(Items listed in a dataset)
###

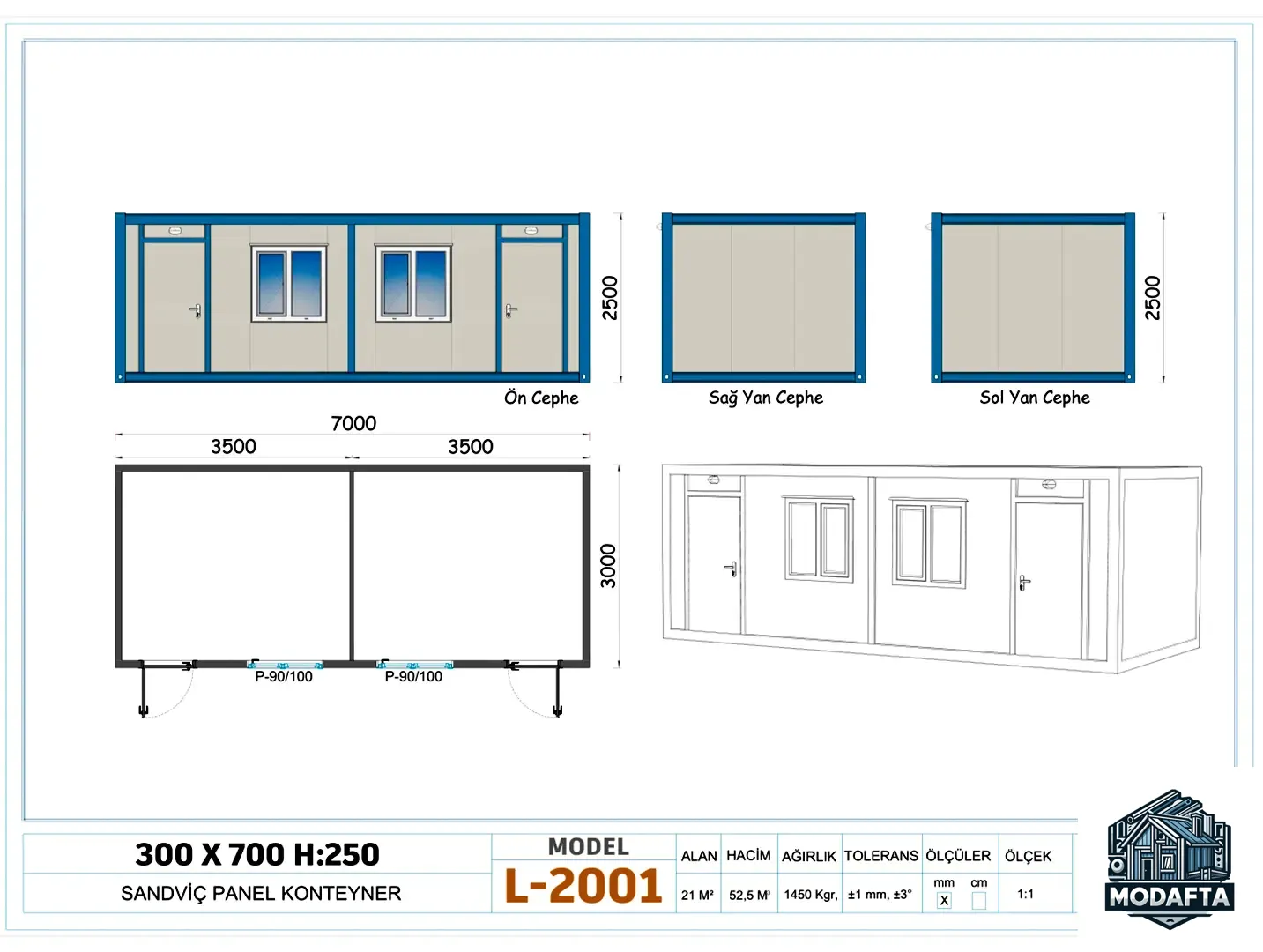 Müşterilerimizin ihtiyaçları ve uluslararası taşıma standartları dikkate alınarak tespit edilen çok sayıda model ve ölçü standartlarından biri tam da sizin için hazırlanmıştır. Klasik demonte konteyner üretim standardı 230x595 iken bizde 3x7 konteyneri tam demonte üretim gerçekleştiren bir firmayız. Bu durum benzerlerine göre 7 metrekare daha geniş imkanıyla üstün kılmaktadır.
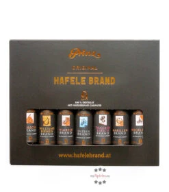 Schenken Sie die erstklassigen und besonders hochwertigen Obstbrände aus der Reihe „Hafele“ von der Feinbrennerei Thomas Prinz aus Hörbranz am Bodensee im Geschenkset zum Probieren „Die kleinen Hafele“. Darin enthalten sind hochwertige Edelobstbrände wie Prinz Marillenbrand, Prinz Traubenkirschbrand mit feinem Marzipan-Geschmack oder Prinz Williams-Birnen-Brand, jeweils in einer hübschen 0,04 Liter-Flasche zum Probieren. Alle sieben 4 cl-Miniatur-Fläschchen sind in einer schönen schwarzen Dekor-Schachtel verpackt und eignen sich damit ideal als hochwertiges Geschenk.
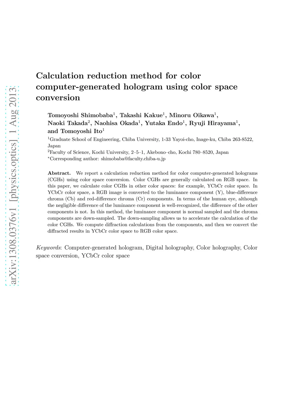 We report a calculation reduction method for color computer-generated holograms (CGHs) using color space conversion. Color CGHs are generally calculated on RGB space. In this paper, we calculate color CGHs in other color spaces: for example, YCbCr color space. In YCbCr color space, a RGB image is converted to the luminance component (Y), blue-difference chroma (Cb) and red-difference chroma (Cr) components. In terms of the human eye, although the negligible difference of the luminance component is well-recognized, the difference of the other components is not. In this method, the luminance component is normal sampled and the chroma components are down-sampled. The down-sampling allows us to accelerate the calculation of the color CGHs. We compute diffraction calculations from the components, and then we convert the diffracted results in YCbCr color space to RGB color space.
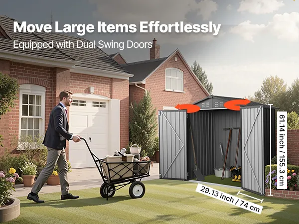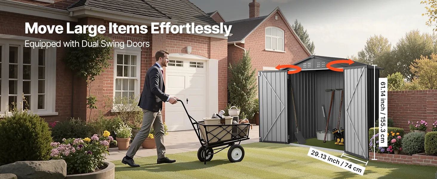 Questo capannone in metallo con pavimento è dotato di doppie porte a battente, che consentono un facile accesso a oggetti ingombranti come tosaerba, biciclette e carrelli portautensili.
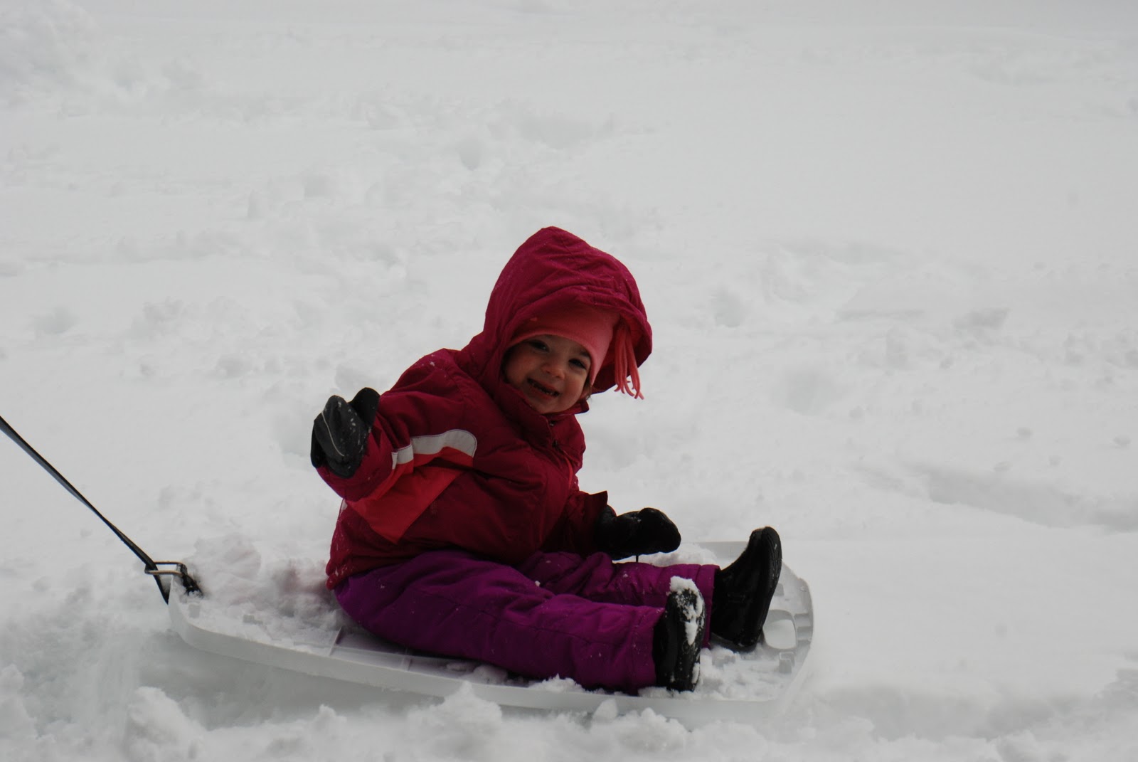 On our only snow day I took Livi out on a “poor man’s sled” (a storage lid and an old belt!)
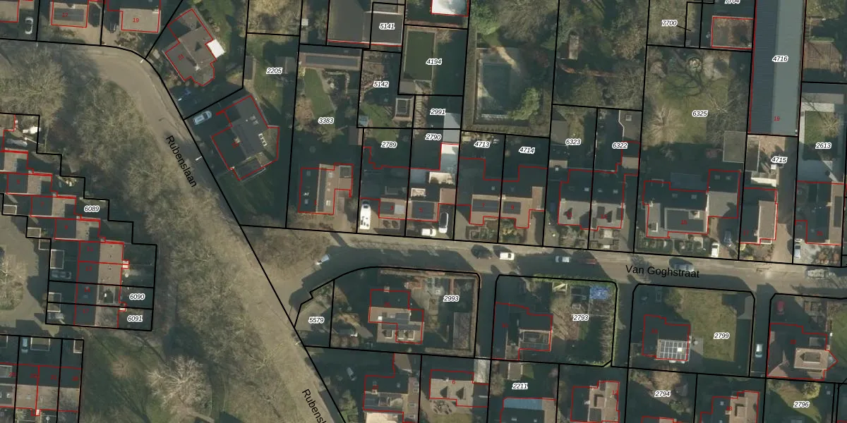Gebruik de zoekbalk of klik op een perceel voor informatie over de adressen binnen dit perceel.

###

_What you have to do_
Write out, exactly as they stand, the line with "On our only" and every line after it through the end of the entries above; omit the pictures.

_Written solution_
 On our only snow day I took Livi out on a “poor man’s sled” (a storage lid and an old belt!)
Gebruik de zoekbalk of klik op een perceel voor informatie over de adressen binnen dit perceel.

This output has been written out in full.